I’m starting to see more of us in the near future – watching more movies, discussing hope in campus politics and the rest of the Filipino constituency, if Roy Mustang and Riza Hawkeye should have gotten together, if Joker should die, reminiscing those we had loved and remembering those we still love but differently, and hugging more. I also see us disagreeing on what music to play out loud, on whether horror films should be on our marathon set list, and if human transmutation should have been legal. I also see us discussing the furniture we’d want when each of us start a family, but I don’t see if we’ll be starting one together. But I want to. I want to see that we’ll be standing next to each other on a cliff, our hands trembling with the vows we’ve written.

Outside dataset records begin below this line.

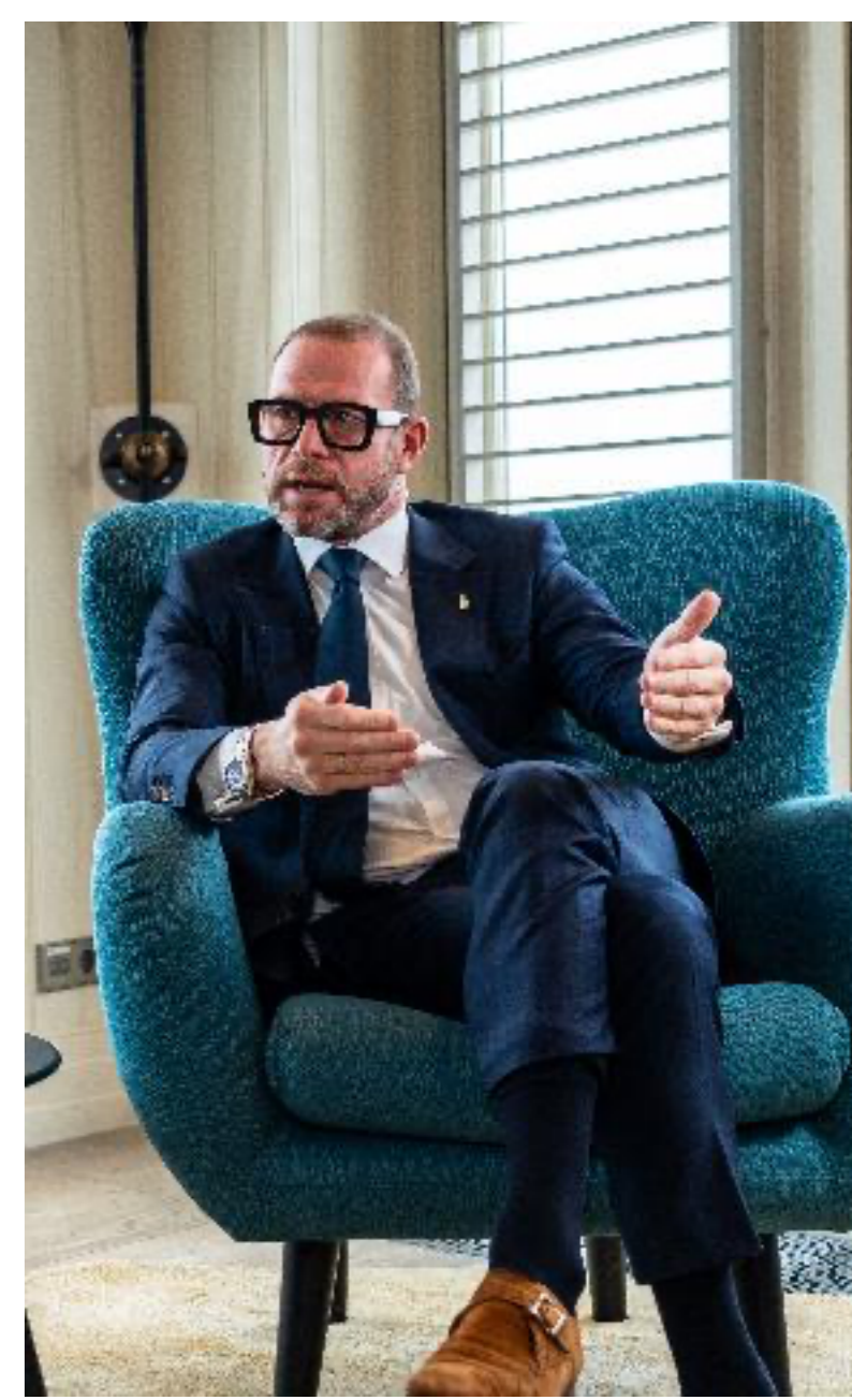
Aangeboden door Zicht op Zaken. Daarom maken gasten in duurste hotelkamers het meeste kapot.
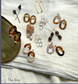
The Bon アクセサリー・布小物
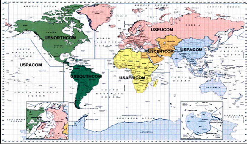
Harita-1: ABD Coğrafi Muharip Komutanlıklarının Sorumluluk Sahaları 16

sorumluluk sahası Orta Doğu ve Orta Asya'da 20 ülkeyi kapsamakta; USPACOM ise Çin, Hindistan ve Japonya dâhil 36 ülkeden sorumlu tutulmaktadır. ABD coğrafi muharip komutanlıklarının en yenisi olan USAFRICOM, Afrika'da 54 ülkeden sorumludur.
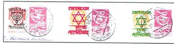
Corrispondenza da Birobidjan
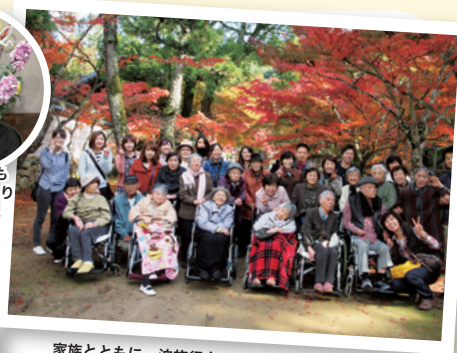
家族とともに一泊旅行！

色々な活動と行き届いた温かいお世話を頂き、家族一同心から感謝しております。おかげさまで母は日々元気になっています！
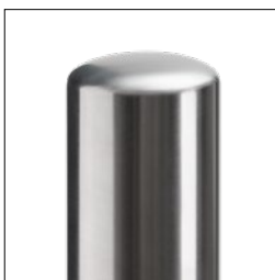
Udførelse med hvælvet dæksel

**Leveres også med 102 mm og 168 mm på forespørgsel
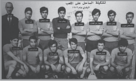
نادي شباب الساحل عام ١٩٧٢

قضى العمرانُ على الملعب بعد إنشاء ثانوية المصطفى على أرضه، انتقل الفريقُ إلى ملعب «الإخاء» حارة حريك. (١٦)
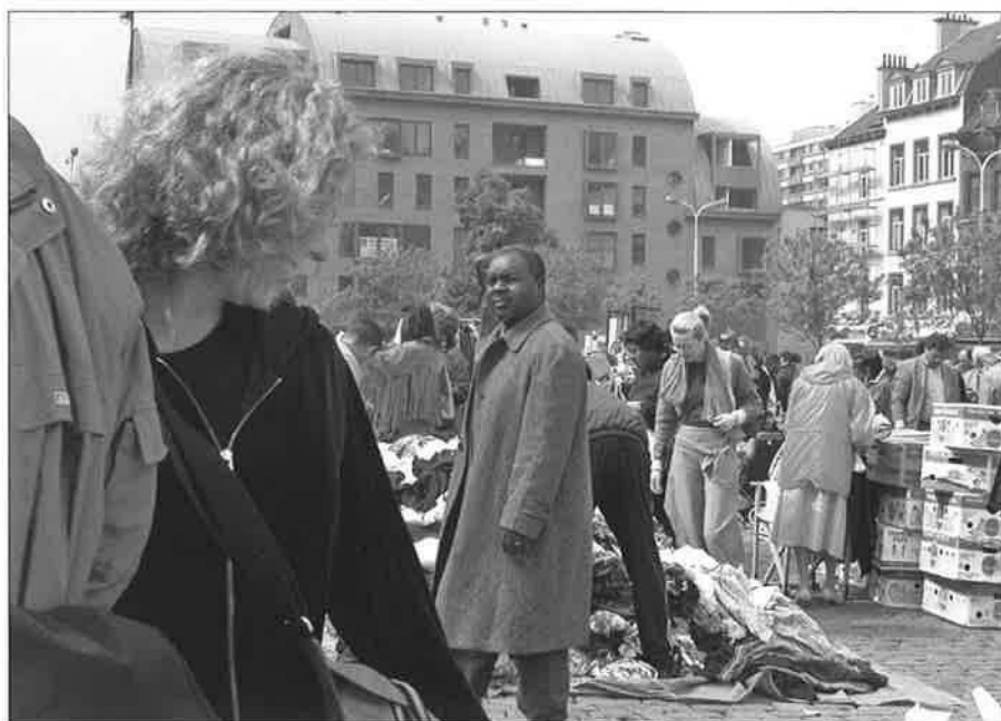
Op de rommelmarkt van het Vosseplein mengen hippe snuisteraars zich met dakloze koopjesjagers.

Solidariteit kan volgens Van Oorschot gedefinieerd worden als een (graad van) binding tussen individuen en groepen van een gemeenschap die het mogelijk maakt dat collectieve belangen behartigd worden. Solidariteit is in een bredere maatschappelijke context te situeren, maar komt tot stand door intermenselijke relaties. Solidariteit is dus als een complex en meerschallig maatschappelijk fenomeen te benaderen, dat zich enkel laat bestuderen als levende en geleefde realiteit, optredend op microniveau maar vol reflecties van invloeden van hogere orden. Twee maatschappelijke trends hebben solidariteitspraktijken recentelijk sterk beïnvloed en zelfs grondig hervormd. Ten eerste de overgang van een Fordistisch naar een post-Fordistisch samenlevingsmodel. Dit is een overgang van een model gebaseerd op productiviteit en collectieve voorzieningen waarin de staat de voornaamste actor is, naar een model waarin handel, diensten en kennis centraal staan en waarin welvaart en welvaartsverdeling geïndividualiseerd zijn. De staat is niet langer de centrale
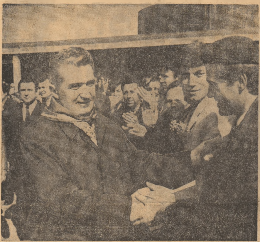
Conducătorul partidului și statului întâmpinat cu dragoste și respect de oamenii muncii

Incluzind în program unități industriale și agricole, șantiere, centre urbane, stațiuni de odihnă și tratament vizita a prilejuit o amplă și rodnică analiză la fața locului a problemelor privind dezvoltarea județului Bacău, perfecționarea activității în importante sectoare de activități economico-sociale
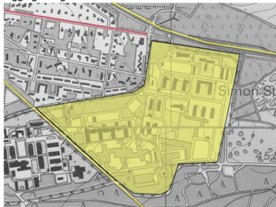
Morfologie en kwaliteitsniveau deelgebied.
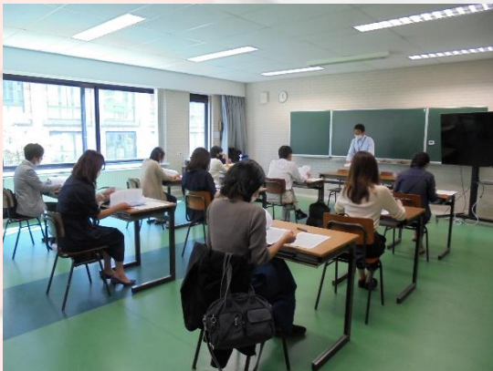
中学部3年生 進路説明会【保護者】
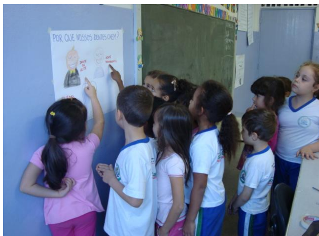
Figura 5: Exposição dos trabalhos

Assim que voltaram da conversa com o dentista discutimos a questão inicial, no intuito de verificar se houve compreensão. E para finalizar os alunos compartilharam seus registros que permearam todo o trabalho com os demais colegas.
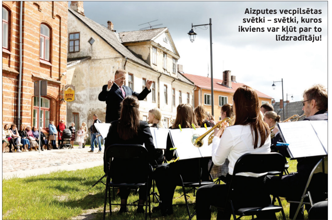
Aizputes vecpilsētas svētki – svētki, kuros ikviens var kļūt par to līdzradītāju!

Pasākumu organizē Dienvidkurzemes novada pašvaldības kultūras pārvalde sadarbībā ar Aizputes Renesanses biedrību.
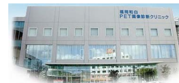
福岡和白PETCTクリニック
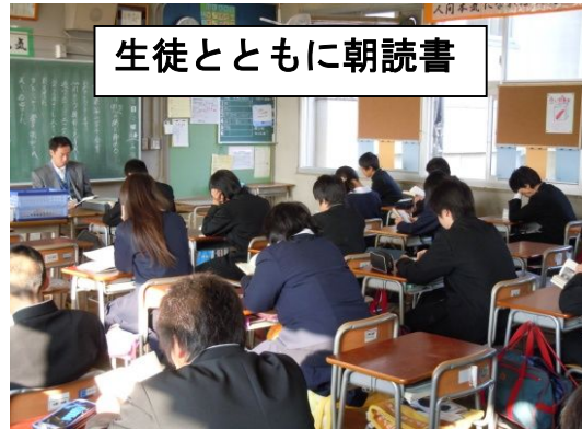
生徒とともに朝読書

清掃と朝読書は、あいさつ・靴そろえとともに、学習ルールの徹底をはかるための基盤（前提）となる。そこで、清掃では「無言清掃」「ひざつき清掃」を推奨し、全校一斉の朝読書は毎日の落ち着いた学校生活の第一歩となる。どちらも豊かな心の育成にもつながっている。
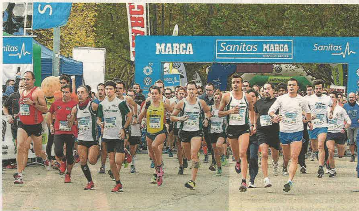
Salida de la prueba disputada ayer el entorno del parque Grande de Zaragoza. FRANCISCO JIMÉNEZ

Las Running Series, organizadas por Last Lap, se presentan con un formato de dos distancias: en el caso de la capital aragonesa, las programadas fueron 5 y 10 kilómetros. En la línea de salida de la corta no faltó la ma-
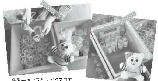
牛乳キャップとサイドスコアー、袋に入れないでね
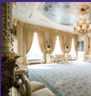
Salle des fêtes

Save for the glow of certainty in your eyes and the gut feeling at the pit of my stomach, I’ve got little to keep me believing. And I don’t know if it’ll be enough to sustain me when I start working while you’re still in school, even if we do make time for each other. The inevitability of further distance fuels a hesitation I wish I didn’t have.
All I ask is this: tell me if I’m wrong. I’m not asking for a proposal. I’m not saying we should get together right now. I’m afraid and doubtful, and I know you are, too. But tell me if you’re hesitating. Tell me if you’re more conflicted than certain, more confused than confident. Tell me if you still believe in us, and how much you’re willing to fight for us. Because I’d rather you leave early than stay longer than you’re comfortable with. Hurt me with no delays, and leave the lingering memory of your arms around me to slowly disappear.